A couple days ago I found out my mum has cancer. It’s not serious and she’s going to have surgery soon, and then 6 weeks of recovery (either chemo, radiation, or both). I was going to kill myself tomorrow or the day after, but I feel that I need to stay a little longer to help mum get through this. I was feeling… almost at peace that I didn’t have much time left, but now, I’m struggling. I don’t want to go through another 2+ months of this. I’ve made up my mind about doing it and nothing is going to change it. It’s just a matter of time, but I cannot leave my mum when she’s so vulnerable. I really need some help here and I just don’t know what to do. Life is too difficult and I don’t know if I can go on long enough for mum to recover.
7 comments
I am glad to hear the cancer with your mom is treatable. I know it sucks because it now interrupts the plan you had to kill yourself. But when you make plans life would throw in something to change it. Personally it’s happened to me way too many times to be coincidence.
Tell you what….hang in there for your mom sake. If things get bad come on here and rant about it as much as you want. If you want someone to personally talk to, I can give you my e-mail address, and we can find a way to chat.
Life is difficult I am not denying that because it’s the same for me, I could have done away with myself yesterday too, but I have people in my life that need me to take care of them just like your mom needs you at this time.

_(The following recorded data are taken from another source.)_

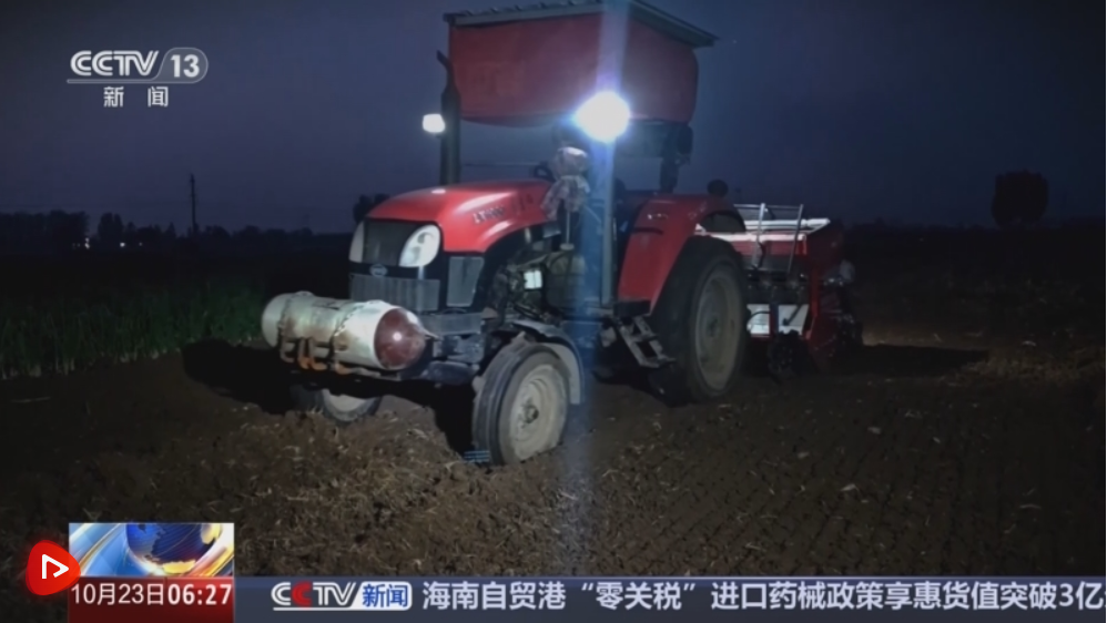 在安阳市老店镇,当地的耕地目前达到了小麦播种条件,农机手操作精量播种机不停作业,抓紧时间进行播种。
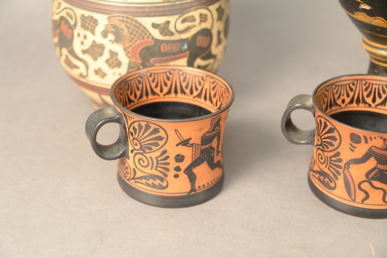 Four Piece Group of Greek Revival Pottery, to include a pair of red and black cups, marked illegibly on the bottom a pitcher painted with animals along with a vase with classic Greek figures, height 13 1/2 inches.
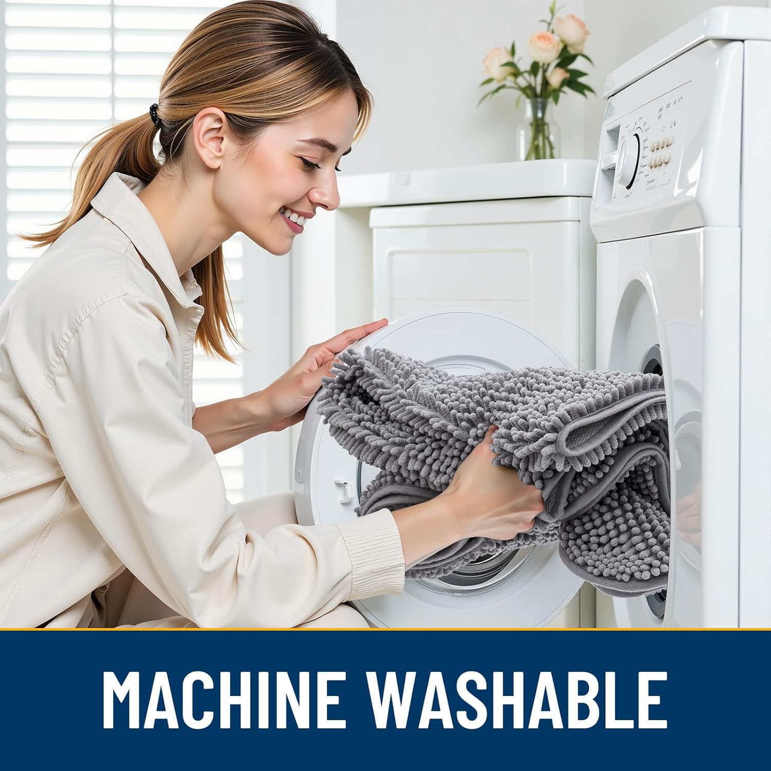 Smiry Dog Door Mat for Muddy Paws 44x32, Absorbs Moisture and Dirt Doormat, Non-Slip Washable Quick Dry Chenille Front Door Mat Indoor Entrance, Entryway Carpet for Inside Floor, Grey

So try to hang in there for as long as she needs to recover, then take it from there.
Your death will make it difficult for her whether you wait or not. I don’t see why timing makes a difference.
Hey darkloner i think i remember you? Your the aussie chick right? I havent seen you on here in ages….. Sorry to hear that your not doin any better and sorry bout your mum 🙁
deadotter – thanks for your support :), I think I’ll take your advice and stay for mum. I don’t post very often, but I come on here every day and read. I’ve been doing that for about a year or so now lol.
crying on the inside – yeah that’s me. thanks :). i hope you’re doing ok, i don’t see that many posts from you either.
I am happy to hear it 🙂 I don’t post often either unless I really can put all my thoughts and emotions into words. I hope your mom’s surgery goes well and she recovers from it. update us from time to time on how she and you are doing ok?
@Darkloner yeah i thought that was you. I was wondering what happened to you. Nah im not really doin ok and im still planning how im gonna exit. I still come on here i just dont post or comment much anymore.
it depends on if you’re close with you mom.
my mom has cancer. for a while now. and she’s gonna get really sick…its gonna be bad. shes gonna need you to take care of her. at least give her that honor.